The Thieme-IUPAC Prize, consisting of DM 10 000, is awarded every two years on the occasion of the IUPAC International Conference on Organic Synthesis (ICOS) to a scientist under 40 years of age, whose research has had a major impact on the field of synthetic organic chemistry. The third Thieme-IUPAC Prize will be presented at an Award Talk on 2 July 1996 at the ICOS-II in Amsterdam, The Netherlands.

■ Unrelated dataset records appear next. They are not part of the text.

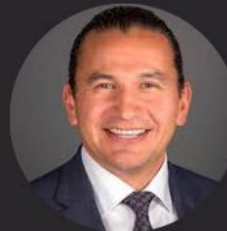
Wab Kinew Premier of Manitoba
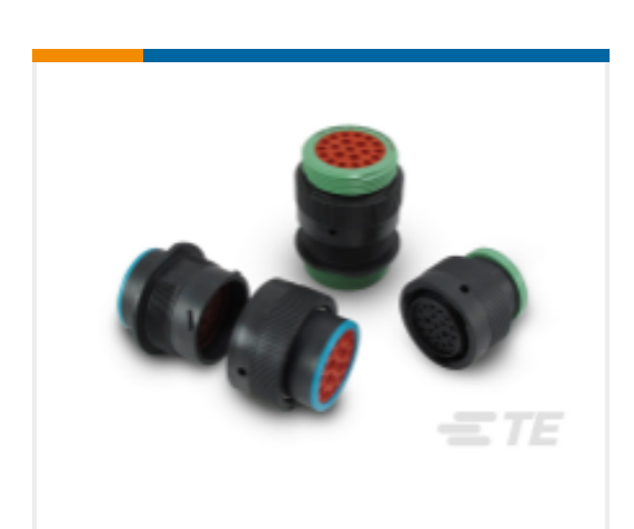
TE Part #HDP24-24-47SE-L015 DEUTSCH HDP20 Housings
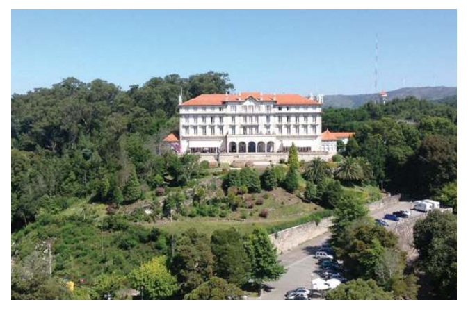
VIANA do CASTELO Thurs 25th Pousada de Viana do Castelo
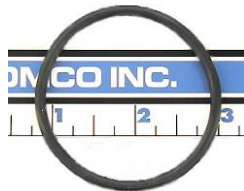
ST5624 – O-ring (1) (2.00ID x .139THK)

Eric Jacobsen was born on February 22, 1960 in Manhattan, USA. He was raised in New York City, and he obtained his B.S. degree from New York University in 1982. As an undergraduate, he carried out research in the laboratories of Yorke E. Rhodes. His Ph.D. work was done at University of California, Berkeley in the field of organometallic chemistry under the direction of Robert G. Bergman. In 1986, he returned to the East Coast for a National Institute of Health postdoctoral fellowship at Massachusetts Institute of Technology with K. Barry Sharpless, where he was one of the initiators of the asymmetric catalytic dihydroxylation project. In 1988, he took on a faculty position at the University of Illinois at Urbana-Champaign where he was promoted to associate professor in 1991. He moved to Harvard University as fill professor in the summer of 1993, and he currently directs a research group of 20 graduate students and postdocs at Harvard. He is also a consultant at Merck, Sepracor, and Versicor.

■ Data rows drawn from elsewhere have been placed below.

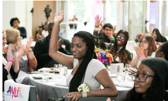
Chicago Dreams event, August 2023.

AYLF kicked off the program by bringing together Fellows and community stakeholders for dinner and conversation about what it means to make dreams possible.
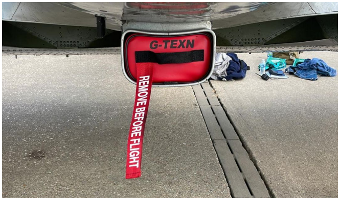
T6 Harvard Chin Scoop Plug
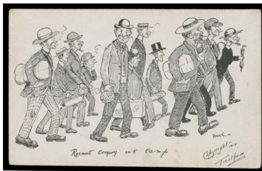
Ex Lot 734
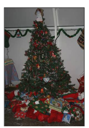
The sailors did a great job trimming the tree with the decorations and gifts OTA sent.

One guy in the Army told me the next day he was depressed and didn't think he was going to make it through the holidays, but then he was

Eric Jacobsen has emerged as the best young chemist in the world working at the important frontier of designing/discovering selective catalysts for use in organic synthesis. He began his career at Illinois in spectacular fashion with his new process for the asymmetric epoxidation of unfunctionalized olefins. This was a major accomplishment for both conceptual reasons and, especially, for practical applications in synthesis. The Jacobsen catalyst, which was Fluka's reagent of the year in 1994, is a chiral, catalytically active transition metal complex. The reagent has allowed an easy access to a number of enantiomerically pure epoxides. A number of them have allowed expeditious synthesis of pharmacologically active products. One such example is the synthesis of the taxol side chain.

In Eric Jacobsen's brief time at Harvard, he has continued to be extremely productive in the area of asymmetric catalysis. This time, he has found a practical catalytic system for highly enantioselective ring openings of epoxides and aziridines. As with the Jacobsen epoxidation, this new process is so simple and efficient that it is essentially ready for immediate industrial applications. A recent synthetic example is the synthesis of a prostaglandin chiral building block. This asymmetric catalytic method represents an attractive alternative to enzyme-based procedures.

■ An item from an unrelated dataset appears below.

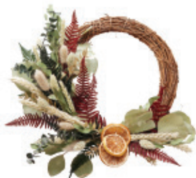
Mary Elizabeth Flowers wreath craft kit, £38, maryelizabethflowers.co.uk
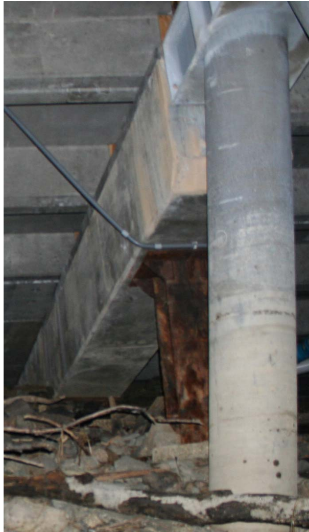
E.5 Line from Northwest

Conditions may have changed. Contractor responsible to verify current conditions

Eric Jacobsen is widely regarded as a most dedicated researcher and a fearless experimentalist. He is already perceived as a clear leader in the field of asymmetric catalysis, and we can expect many more exciting developments from his labs in the discovery and mechanistic elucidation of new reactions of practical value.

Eric Jacobsen has been the recipient of numerous awards including the NSF Presidential Young Investigator Award, the Packard Fellowship, the Camille and Henry Dreyfus Teacher-Scholar Award, the Alfred P. Sloan Foundation Fellowship, the Cope Scholar Award, and the Fluka Prize.